Onurlu bir barışın sağlam zeminde olması gerektiğini vurgulayan Deniz, bunun içinde de baroların, akademisyenlerin olduğu bir heyetin İmralı Adası'nda Öcalan ile görüşme yapması gerektiğini belirterek, “Akademisyenler, avukatlar, STK’ler, paneller ve konferanslar düzenleyerek, inşa için sağlam bir zemin oluşturabilir. Öcalan’ın sunduğu metin hukukun inşası için önemli” dedi.


BARIŞ ANNELERİ: AVUKAT GÖRÜŞMELERİNE İZİN VERİLSİN


Barış Anneleri’nden Afife Yiğit, Öcalan’ın devletin önüne 7 madde koyduğunu, ancak devletin buna karşın hiçbir şey yapmadığını belirterek, “Devlet de olsan eğer bir söz vermişsen, bunu yerine getirmelisin. Avukat ve ailelerin İmralı görüşmelerine derhal izin verilmesi gerekiyor. Öcalan barış için hazırım diyor bununu görülmesi gerekiyor. Her gün cenazeler geliyor, her gün uçaklar kalkıyor. Barış çağrılarına karşı Başûr, Bakur ve Rojhilat bombalanıyor. Bombardımanlar derhal sonlandırılmalı” şeklinde konuştu.


Öcalan üzerindeki tecridin kaldırılmasına yönelik başlatılan ve sona erdirilen açlık grevine dikkat çeken Yiğit, “Barış anneleri nasıl ki açlık grevlerinde öncülük rolü oynadıysa 7 madde için de bu rolünü oynayacak. Anneler olarak gücümüzü kullanarak Öcalan’ın sunduğu maddelerin yaşama geçmesini sağlamalıyız. Çünkü bu maddeler barışın maddeleri, bu maddeler özgürlüğün maddeleri, bu maddeler kanın duracağı maddeler. Savaşın sona ermesi ve onurlu bir barışın gelmesi için yüreği en çok yanan biz anneler olarak barış mücadelesini büyütmeliyiz”  dedi.


'AKAN KANIN ÖNÜNÜ KESEBİLİR’


Barış Annesi üyelerinden Raife Özbey de, Öcalan’ın sunduğu öneriler çerçevesinde bir adım atılması halinde akan kanın duracağını kaydederek, “Bugün eğer Öcalan’ın sunduğu öneriler çevresinde gidilseydi, bu kadar insan yaşamını yitirmezdi. Ancak barışın gelmesini istemeyenler sürekli kanın akmasını istedi. İmralı kapıları sonuna kadar açılsın, artık yeter. Açılsın, bu akan kan son bulsun. Bütün anneler akan kanının durması için direnişi yükseltmeli” ifadelerini kullandı.
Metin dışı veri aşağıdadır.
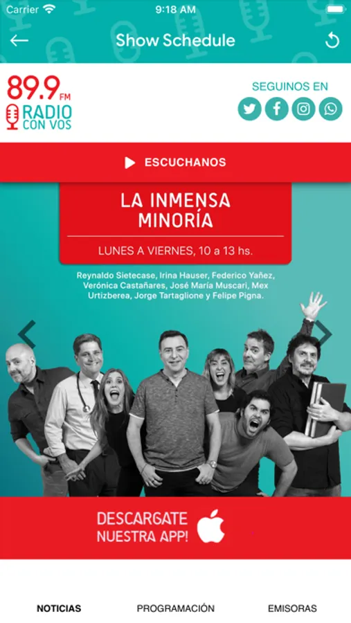 Radio Con Vos 89.9 reúne a los profesionales más destacados de los medios de comunicación para divertirte, informarte y entretenerte.

Savaşa ne ekonominin ne de insan gücünün yettiğini kaydeden Özbey, onurlu bir barış talebinde bulundu. Federe Kürdistan Bölgesi’nde devam eden operasyon ve çatışmalara da değinen Özbey, “Annelerin gözyaşının coğrafyası yoktur. Gözyaşı her yerde gözyaşıdır.  Barzani ailesi ‘Brakujî’den vazgeçsin. Barışa odaklansın. Din iman ve vicdanları buna nasıl el veriyor? Topraklarını başka devletlere açmasınlar. Başûr’daki yönetim Irak hükümetinin duruşunu gösteremiyor mu? ‘Biz başka devletleri topraklarımızda istemiyoruz' desinler. Başûr topraklarına yapılan saldırıyı kesinlikle kabul etmiyoruz. Biz anneler olarak Başûr’a yapılan saldırıya karşın Başûr hükümetinin kapılarına dayanacağız. ‘Birakujî’nin önünde set olmaya hazırız” diye konuştu.